The contents of this webpage should not be construed as tax advice. Please contact your tax professional.

The passage of the Tax Cuts and Jobs Act (TCJA) of 2017 affects most Americans, regardless of what their taxable incomes are. Although tax jargon may be difficult to decipher, knowing some of the basic changes may help you prepare for filing your income tax returns. This article provides an overview of the important details in the new tax law.  

What You Need to Know

2018 marks the first full year these changes are in effect. As you prepare to file your income tax returns, you likely have many questions.

  • Based on my ordinary income and tax bracket, what amount of money might I have to pay Uncle Sam come tax time?
  • Does the new tax law change any tax-advantaged scenarios for the self-employed?
  • Might this have any implications on my stock portfolio?
  • Will there be any changes to how capital gains (short-term capital gains or long-term capital gains) are taxed?
  • What about taxes on investment income, such as fixed income coupon payments or dividend income from dividend-paying stocks?
  • What might this mean for my investment property?

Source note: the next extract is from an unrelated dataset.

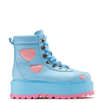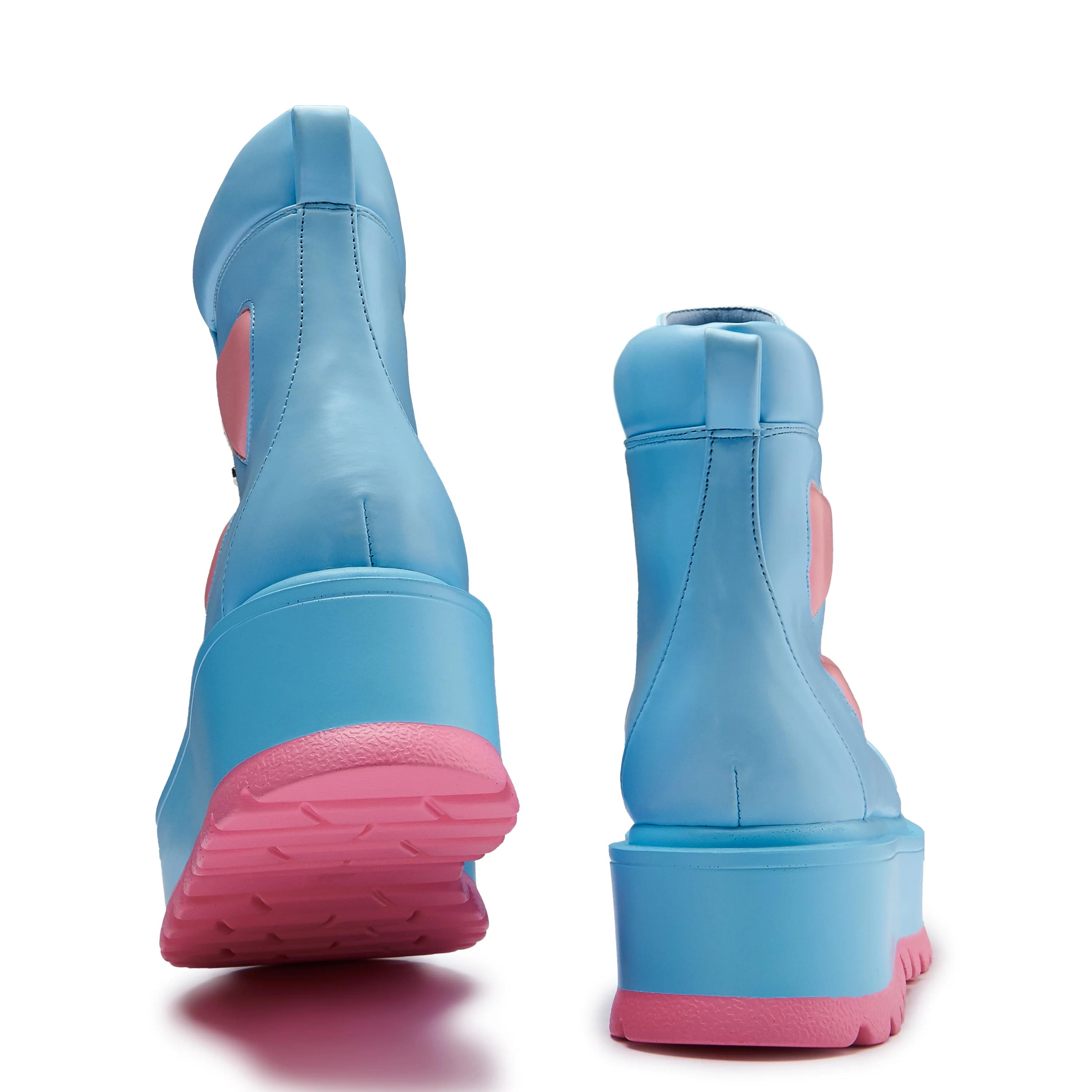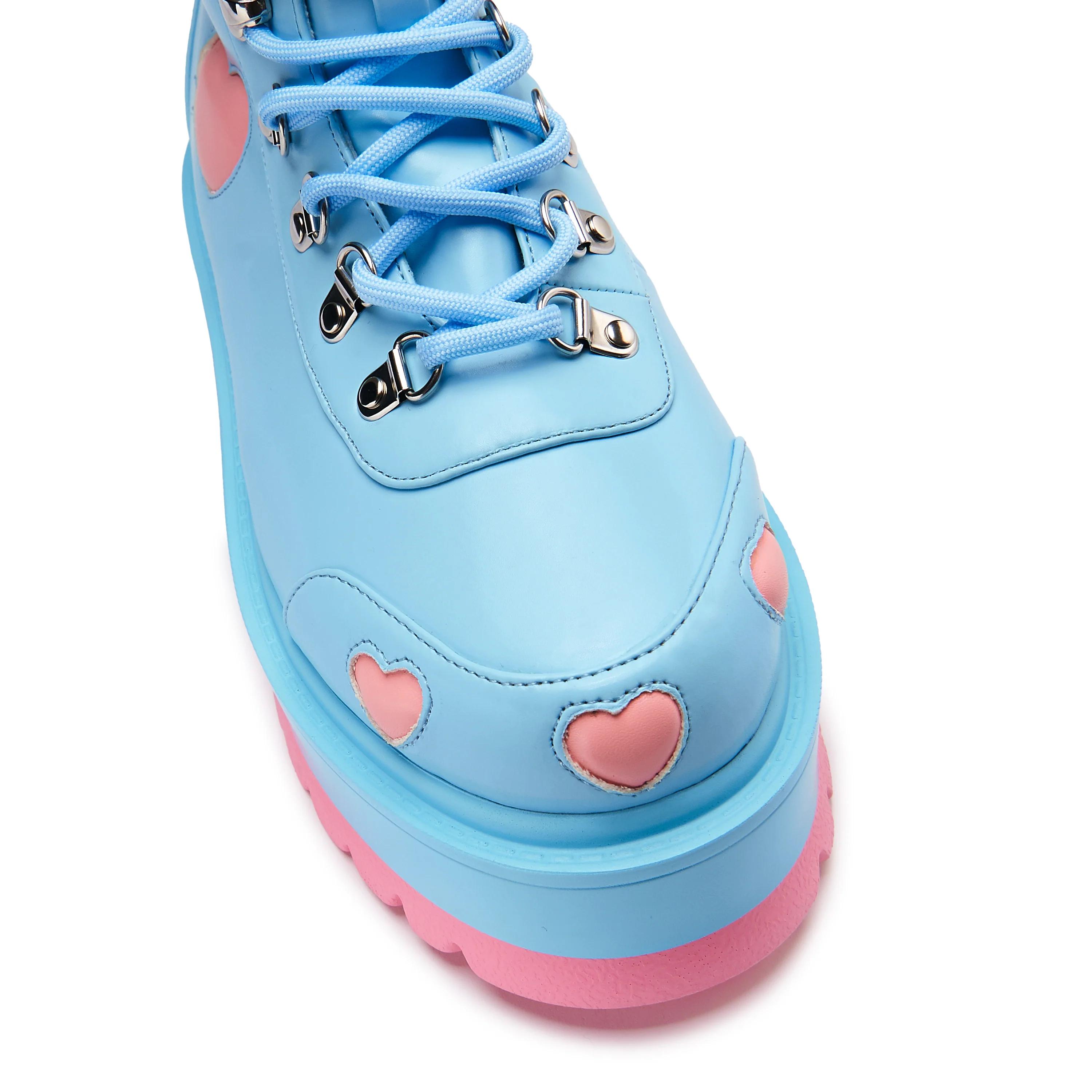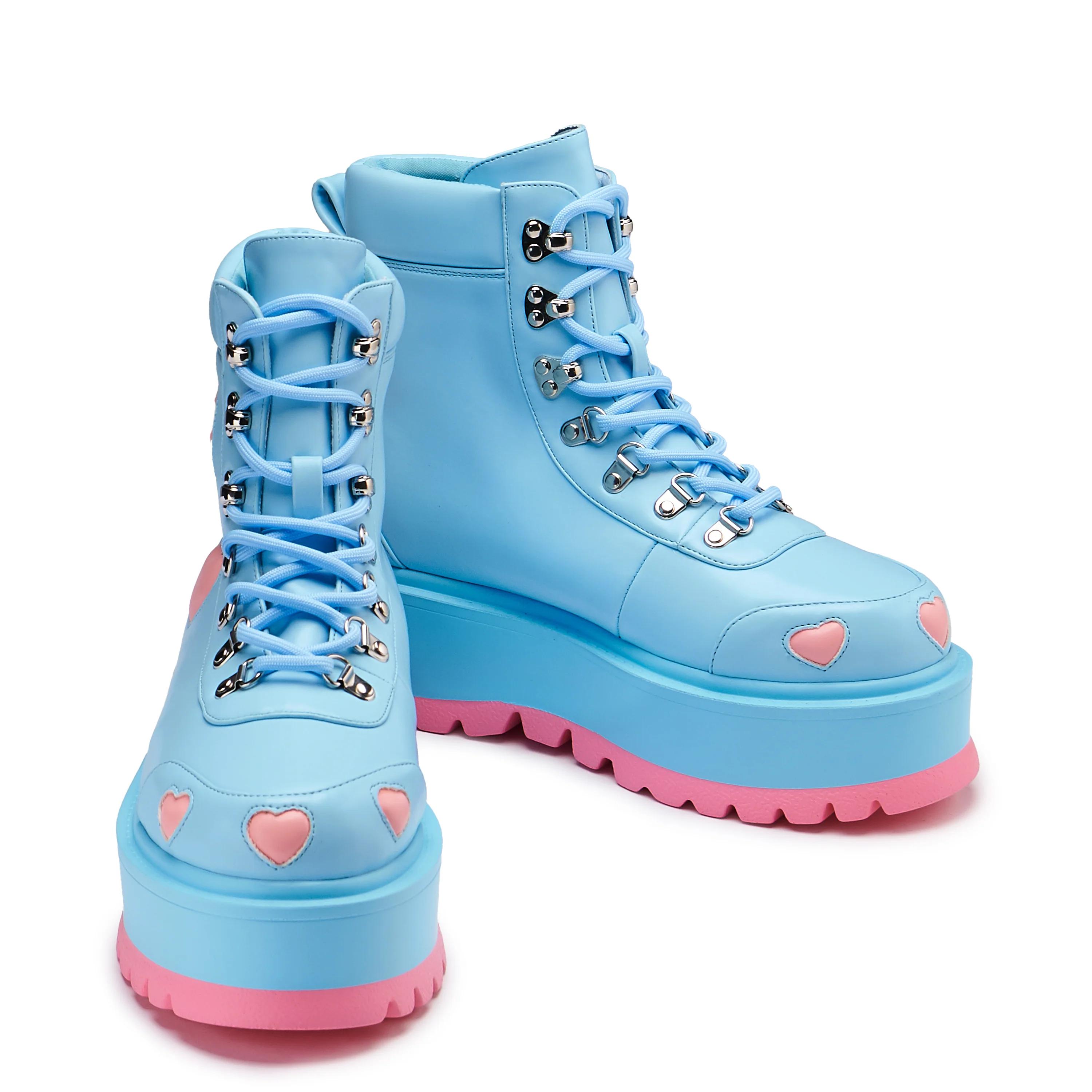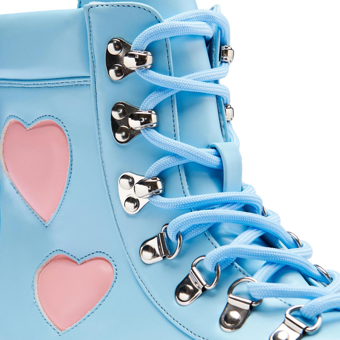 Our Hydra boots have taken a journey to the skies with the cherubs and returned with a sweet, playful twist. A sky-blue upper and outsole meet soft baby pink accents, creating a dreamy color palette. Side cutouts reveal 3D padded hearts in pink, with these heart-shaped details continuing along the toe. The adorable design elements contrast beautifully with the rugged hiking boot silhouette, blending toughness with charm. Made from our soft vegan leather, these boots will have you falling in love as if Cupid��s arrow struck your heart.

Most companies (including corporations) and individuals are subject to income taxes. We won’t go into every detail regarding the new law; rather we will look at it from a big-picture perspective. If you want information specific to your situation, please talk with your tax advisor.

Individual Tax Changes

  • Tax rates were reduced for nearly all ordinary income brackets. However, even though the number of total tax brackets hasn’t changed, thresholds have been reduced for some higher tax brackets. (See Exhibit 1.)
  • Some itemized deductions have been limited, such as home mortgage and state and local income, sales and property taxes. Some itemized deductions such as job-related expenses, safe deposit box fees and investment management fees may no longer be available to you.[i]
  • Personal exemptions—specific amounts of income that some taxpayers could exclude from their adjusted gross income—have been eliminated.
  • Most of the individual income tax cuts start in 2018, though they are set to expire in 2025.

Exhibit 1: Individual Income Tax-Bracket Changes

Source: Internal Revenue Service, Tax Foundation, as of 01/08/2018. The Tax Foundations an independent, nonprofit organization that collects tax policy data and publishes the findings in various research studies.

Personal Income Tax Deductions. The standard deduction may reduce your income tax and could vary depending on your filing status. The standard deduction under the new law has almost doubled, to $12,000 for single filers and $24,000 for joint filers.[ii]

Estate and Gift Tax Changes. The exemption for estate tax, or tax on inherited money, has increased. The new tax rules nearly double the previous federal estate tax exclusion.[iii]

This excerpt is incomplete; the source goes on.